[REQUIRED ACTION]:
Copy, word for word, the lines of the listing below from the line with "VIN : 5TDZA23C35S345937 |" up to and including the line with "我的大學小天使說她高中時學校". Drop the pictures.

[RECORDS PROVIDED]:
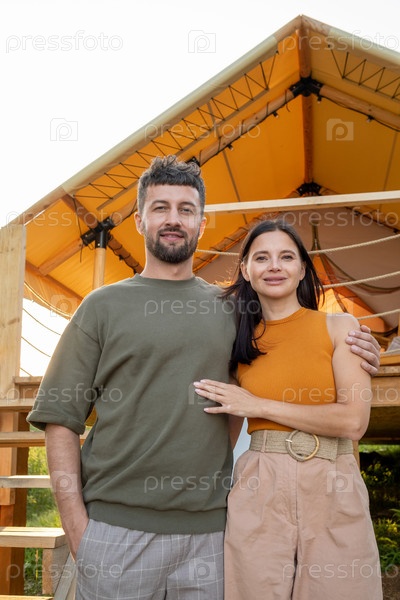 Счастливая молодая пара стоит напротив палаты для глампинга
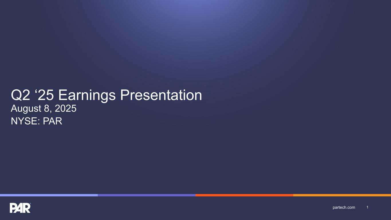 Q2 ‘25 Earnings Presentation August 8, 2025 NYSE: PAR 1partech.com
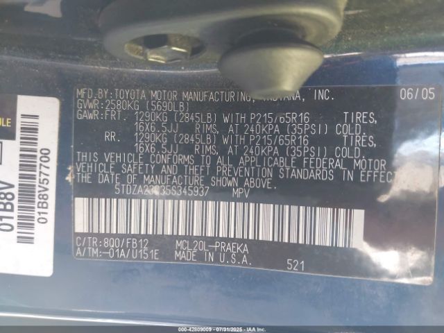 | VIN : 5TDZA23C35S345937 |
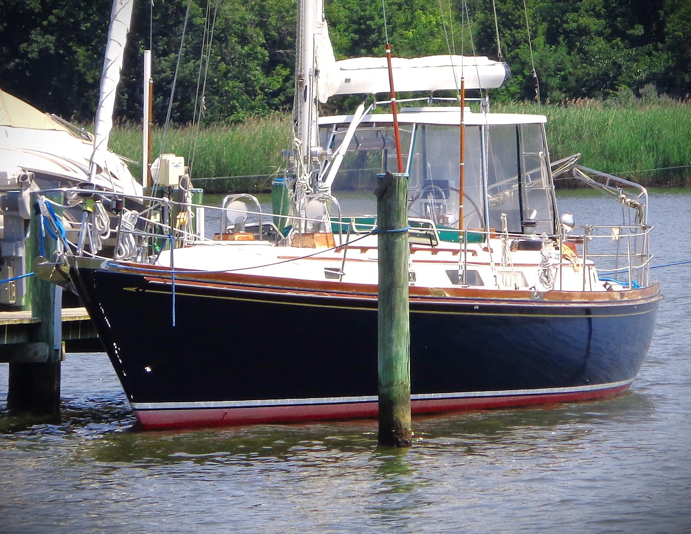 - Sunbrella covers teak brightwork (toerails, hand-rails, dorade boxes and cockpit coaming)
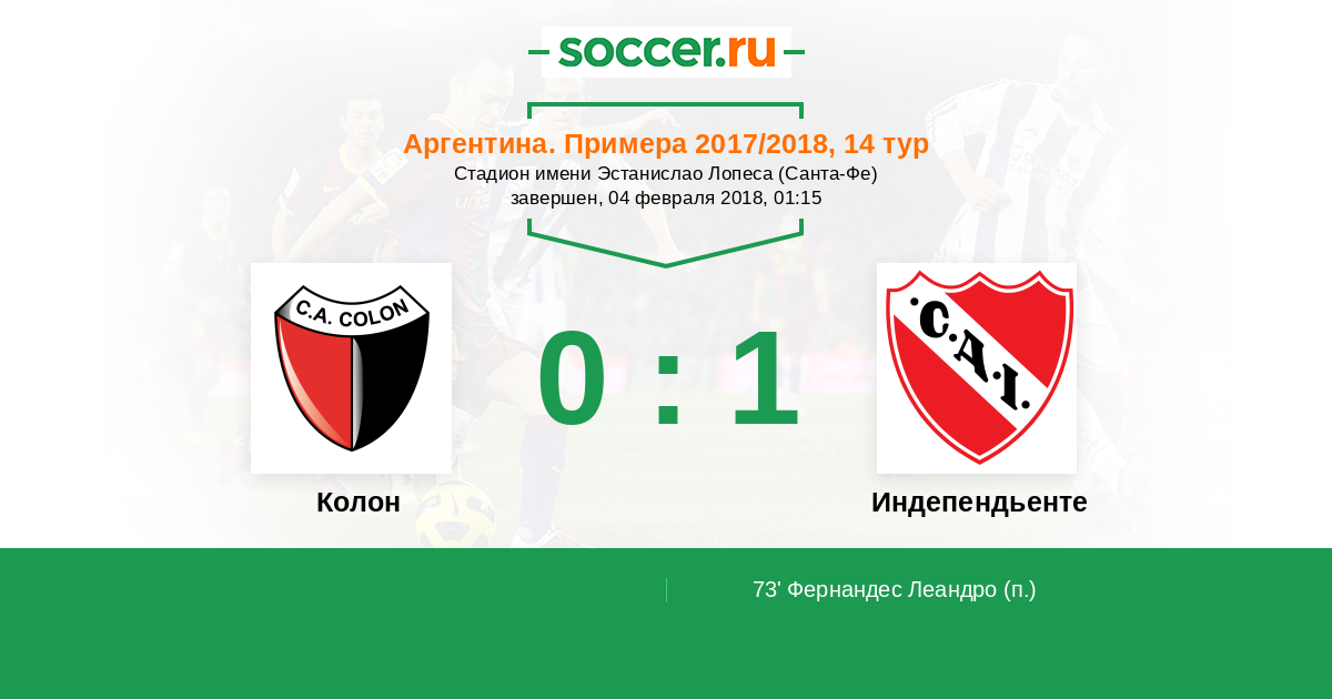 Протокол матча Колон против Индепендьенте
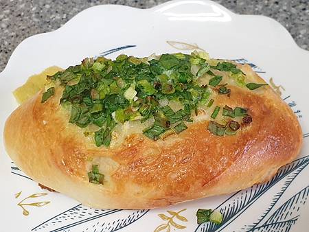 我的大學小天使說她高中時學校附近有一家麵包店,放學時正好是麵包出爐的時候,她走過就會買一塊香噴噴的蔥麵包,趕快傳一張照片讓她視吃一下。
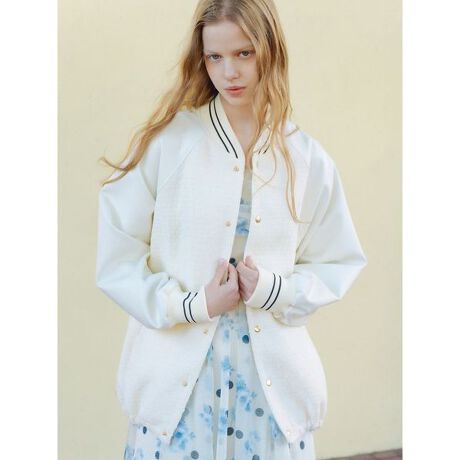 ツイードと合皮を組み合わせたミディ丈のスタジャン。裾にリブはなくドローコードが入っている仕様のため、裾を絞ってギャザーを寄せたシルエットとフレアシルエットの2パターンお楽しみいただけます。フロントの金ボタンでさらに女性らしい印象に。表地同色のロゴ刺繍やリブの配色細ラインがさりげないアクセント。裏地付きで着心地も良く、ベーシックから華やかな色まで豊富なカラーバリエーションをご用意いたしました。

[SOLUTION TO THIS EXERCISE]:
 | VIN : 5TDZA23C35S345937 |
 - Sunbrella covers teak brightwork (toerails, hand-rails, dorade boxes and cockpit coaming)
 Протокол матча Колон против Индепендьенте
 我的大學小天使說她高中時學校附近有一家麵包店,放學時正好是麵包出爐的時候,她走過就會買一塊香噴噴的蔥麵包,趕快傳一張照片讓她視吃一下。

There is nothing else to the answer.